Written by Janet Helm, Realtor® and Seniors Real Estate Specialist (SRES®)
When it comes time to downsize—or, as we prefer to say at HELM, Rightsize™—one of the most emotional challenges can be letting go of items that were given to you, especially gifts from loved ones. These objects often carry deep meaning and serve as reminders of important relationships and life chapters. Yet it’s worth remembering: a gift fulfilled its purpose the moment it was given. Its value doesn’t go away just because you no longer have the space or need for it.
Holding onto something out of guilt or obligation isn’t necessary. Letting go, when done with care and intention, is not a rejection of the memory or the love behind the gift. It can be a lovely act of respect—for yourself, for the giver, and for the life you’re continuing to shape. Remember the original intention behind a gift was to bring you joy—not burden.
In my own family, I’ve seen the beauty of thoughtful giving firsthand. My dad’s 65-pound taxidermy tyee salmon, caught in the 1970s in Rivers Inlet with one of my brothers and close family friends, displayed proudly in our rec room for as long as I can remember. He recently gifted it to my brother, who now displays it at his summer home. Whenever we gather there, it sparks laughter and memories—it still brings us joy, just in a new place. My dad also plans to give each of us a fishing rod—something we can either use or display. His tennis medals, won on his own and with my mom, are still proudly shown in his home. They don’t take up much space, and they hold a lifetime of stories—especially when displayed with favourite photos of the two of them together.

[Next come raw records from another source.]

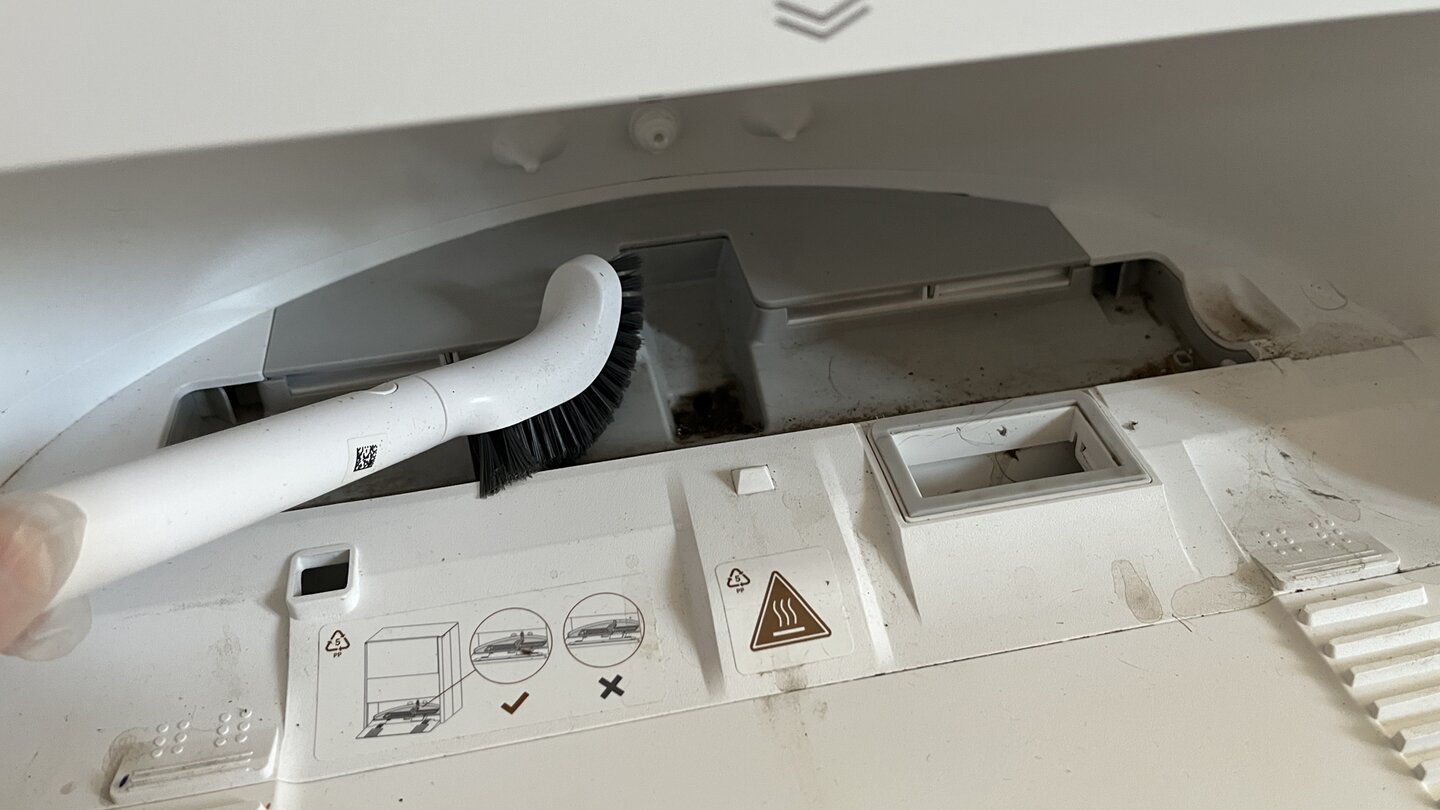 - Die beiliegende Bürste erleichtert die Reinigung vor allem bei der schlecht zu erreichenden Unterseite der Station enorm. Doch es gibt keine praktische Aufhängung an der Station.
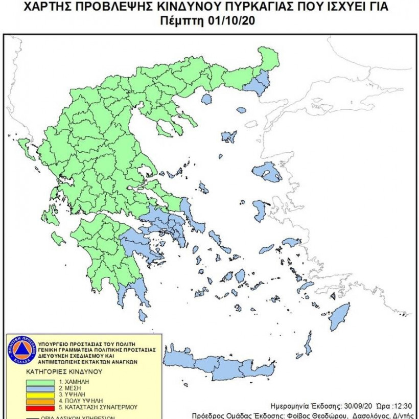 Φωτιές στην Ελλάδα - Όλες οι ειδήσεις: Σύμφωνα με το Χάρτη Πρόβλεψης Κινδύνου Πυρκαγιάς που εκδίδει η Γενική Γραμματεία Πολιτικής Προστασίας του Υπουργείου Εσωτερικών και Διοικητικής Ανασυγκρότησης, για σήμερα Πέμπτη, 1η Οκτωβρίου, προβλέπεται μέσος κίνδυνος πυρκαγιάς (κατηγορία κινδύνου 2), σε ορισμένες περιοχές της Ελλάδας.
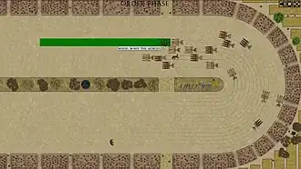 Races are divided into 10-second time periods which constitute a turn, the game can be set to pause at every turn or run seamlessly in real-time. At each turn, the player can issue an order to the driver; they may change speed, change lane, attack or defend against the other competitors. Players must control their speed while cornering or their chariot may flip, causing the horses to drag the riders along the ground by the reins. As the race progresses, fallen horses and chariots may form obstacles on the track. Victory in races awards fame, which allows the team to compete in more prestigious arenas; and denarii, which can be invested in upgrading the drivers, horses, and chariots. The monetary reward may be increased by successfully betting on your own victory. [1] Rock Paper Shotgun published an after action report detailing the turn-by-turn decisions and scenarios present during a typical race.[2]
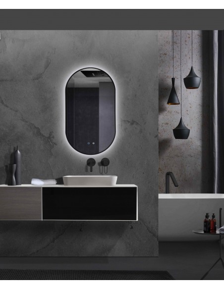 Espejo elíptico, retroiluminado, triled (cálida, neutra y fría) con doble sensor anti-vaho y on/off, con premarco.
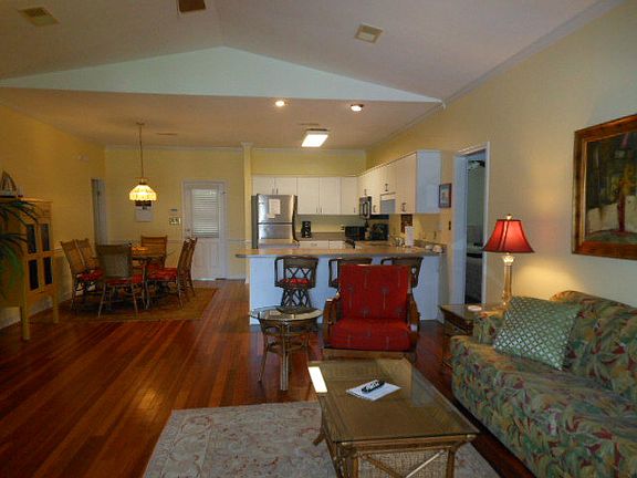Mobile Bay House.Totally renovated in 2006. Stainless appliances, open kitchen, living Rm, dining rm. Split bedroom plan. 2 bedrooms and bath on one side of living area and 2 bedrooms and bath on other side. Hardwood floors throughout. Screen porch 7'8 x 41'5overlooking the Bay. Large storage room under the house 19x17 as well as parking for cars. Irrigation system on bay side of yard.Seperate meter. As a vacation rental it has been generating 30,000-40,000 per year. Furnishings are negotiable
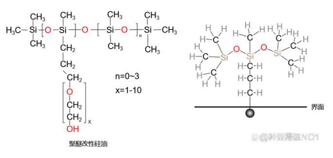 水性體系使用較多的有機硅潤濕劑一般為聚醚改性硅油,相對分子質量較小,n=0~3,x=1~10。同時大量的CH3鏈對外伸展,極大的降低表面張力,研究表明當親水基在鏈段中部位置時,效果最好。聚醚改性有機硅的分子結構式和機理如上圖所示。
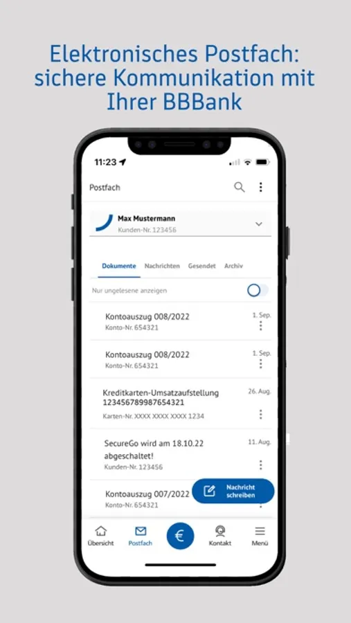 Die letzten Kontoauszüge oder Nachrichten des Beraters, alle direkt in der App über das Postfach abrufbar. Die Kommunikation erfolgt im Hintergrund sicher und verschlüsselt.
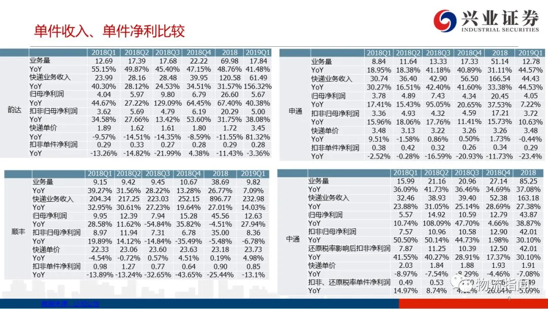 快递行业2018及2019Q1财报总结
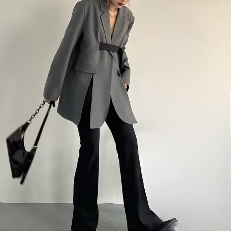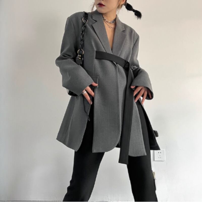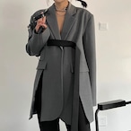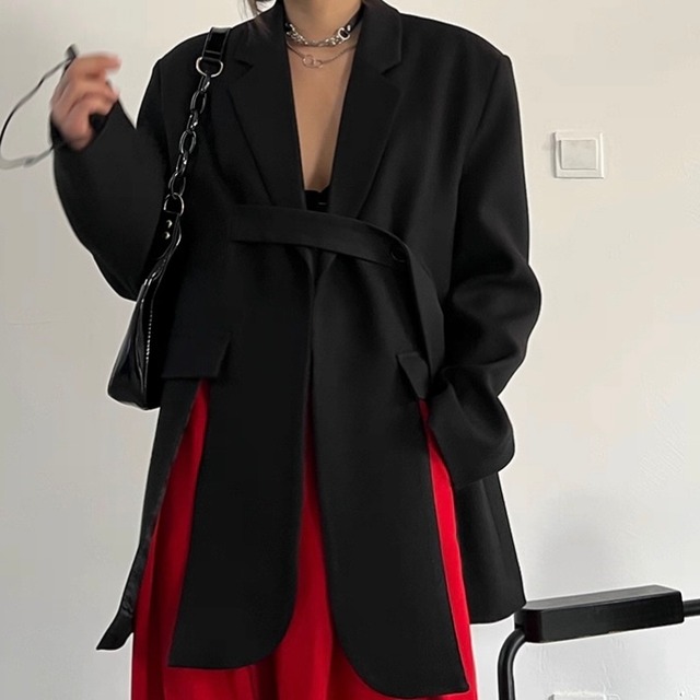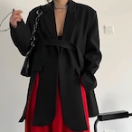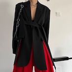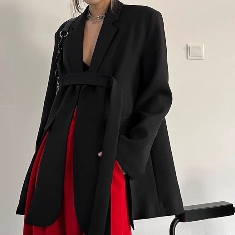 テーラードカラーにベルトデザインを組み合わせた、存在感のあるジャケット。
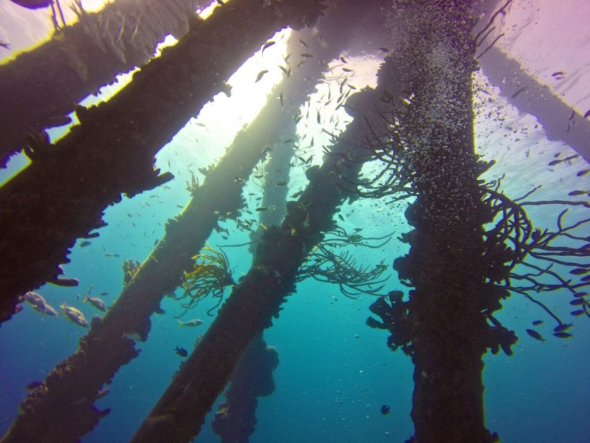 The Salt Pier is still an active pier owned by the Cargill Salt Company, so you can only dive there when there’s not a ship docked.

A client recently shared a lovely story about her husband’s father’s pocket watch. It had already been beautifully framed, and before he passed, he chose to gift it to his nephew. I had the chance to see it hanging in their home—a quiet, striking reminder of family history and the thoughtfulness behind the gesture. These kinds of intentional gifts keep the specialness alive. But when there’s no plan in place, meaningful items like these can too easily be tossed aside or given to someone who may not truly value them—sometimes unintentionally excluding the very person who would have cherished them most.
If you’re ready to part with gifts or heirlooms, there are thoughtful ways to do so. You might offer them to someone who would genuinely enjoy or benefit from them—a friend, a neighbour, or a local community group. Many older adults find comfort in donating to causes they believe in, such as church groups or charities. Sports memorabilia, for example, might find new purpose in a local museum, community centre, clubhouse, or hall of fame—places where a forgotten trophy or jersey can go on to inspire others.
If an item holds monetary value and you’d prefer to sell it, consider consignment shops, Facebook Marketplace, or a good old-fashioned garage sale. Some families even create a “gifting table” at reunions or gatherings, where loved ones can choose an item that speaks to them. It’s a wonderful way to share stories.
If the thought of sorting through a lifetime of belongings feels overwhelming, you’re not alone—and you don’t have to do it on your own. Professional organisers can offer both practical help and emotional support during this process. I have a trusted list of vetted professionals I’d be happy to share. As part of HELM’s 55 AND BETTER™ system, I share my list of vetted professionals and I’ll even sit in on the interview process to help ensure you choose someone who is the right fit—someone who understands your pace, respects your goals, and approaches the process with empathy and care and on your timeline.
To Rightsize™ isn’t about erasing the past. It’s about honouring it—and choosing what tells your story best. When items are passed along with love and intention, their meaning doesn’t disappear. That’s the real gift!